Geschäftsjahr

Weidmüller wuchs 2017 über Branchenschnitt

Das Detmolder Elektrotechnikunternehmen Weidmüller erwartet für 2017 einen Gesamtumsatz von über 730 Millionen Euro. Ein neuer Rekord.

Der Vorstand der Weidmüller Gruppe um Elke Eckstein (Vorstand Operations und Chief Digital Officer), Jörg Timmermann (Vorstandssprecher und Finanzvorstand) und José Carlos Álvarez Tobar (Vertriebsvorstand) ist mit dem Jahr 2017 sehr zufrieden.

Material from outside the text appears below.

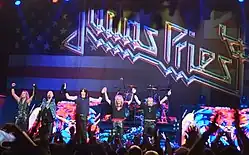 In November 1989, Scott Travis replaced Holland and debuted on Painkiller.[10] The album was the last at the time to feature Halford, who later left in May 1992.[11] The group went on hiatus for a few years, before enlisting Tim "Ripper" Owens – frontman of a Judas Priest tribute act called British Steel – as Halford's replacement in May 1996.[12] Owens recorded two albums with the band – 1997's Jugulator and 2001's Demolition – before Halford rejoined in July 2003.[13] Angel of Retribution and Nostradamus followed, before Downing left and was replaced by Richie Faulkner in April 2011.[14] The guitarist's departure was reportedly due to differences with other band members and management.[4] In February 2018, Tipton ceased touring full-time with the band after being diagnosed with Parkinson's disease, with Andy Sneap taking his place on tour,[15] and Tipton making occasional appearances on subsequent tours.[16]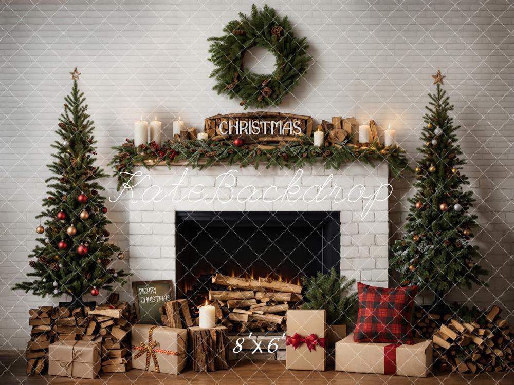 Kate Christmas Modern Cool White Brick Fireplace Backdrop Designed by Emetselch

Weidmüller erwartet getragen von einem sehr guten Marktumfeld für 2017 einen Gesamtumsatz auf dem Rekordniveau von über 730 Millionen Euro. Das gab das Unternehmen Ende Dezember auf dem diesjährigen Jahresabschlussgespräch am Hauptsitz in Detmold bekannt. Einen immer größeren Anteil am Umsatz macht der Anteil an innovativen Produkten und Lösungen für die Automatisierung und Digitalisierung aus. Treiber ist hier vor allem die neue Division Automation Products & Solutions, die über die Hälfte ihres Umsatzes mit Angeboten erzielt, die in den letzten fünf Jahren entstanden sind. Dies zeigt auch das Umsatzwachstum der Division mit einem Rekordwert von über 25 % gegenüber dem Vorjahr.

Übernahmen und Prognosen

Einen wichtigen Schritt, um weltweit noch besser in Wachstumsmärkten präsent zu sein, vollzog das Unternehmen mit der Übernahme der Unternehmen der W Interconnections Group in den USA, Kanada und Mexiko von Rockwell Automation, Inc..

Die Prognose für das nächste Geschäftsjahr ist insgesamt zuversichtlich. Sowohl der ZVEI wie auch der VDMA gehen von einem Wachstum von 4 % aus. „Im Moment erwarten wir, dass sich der gute Trend in einem hervorragenden Marktumfeld auch nächstes Jahr weiter fortsetzen wird“, erklärt Timmermann.  Eine genaue Prognose gestalte sich aber aufgrund von Unwägbarkeiten durch die Handels- und Wirtschaftspolitik der USA, die Auswirkungen der Brexit-Verhandlungen sowie die politische Entwicklung weltweit schwierig.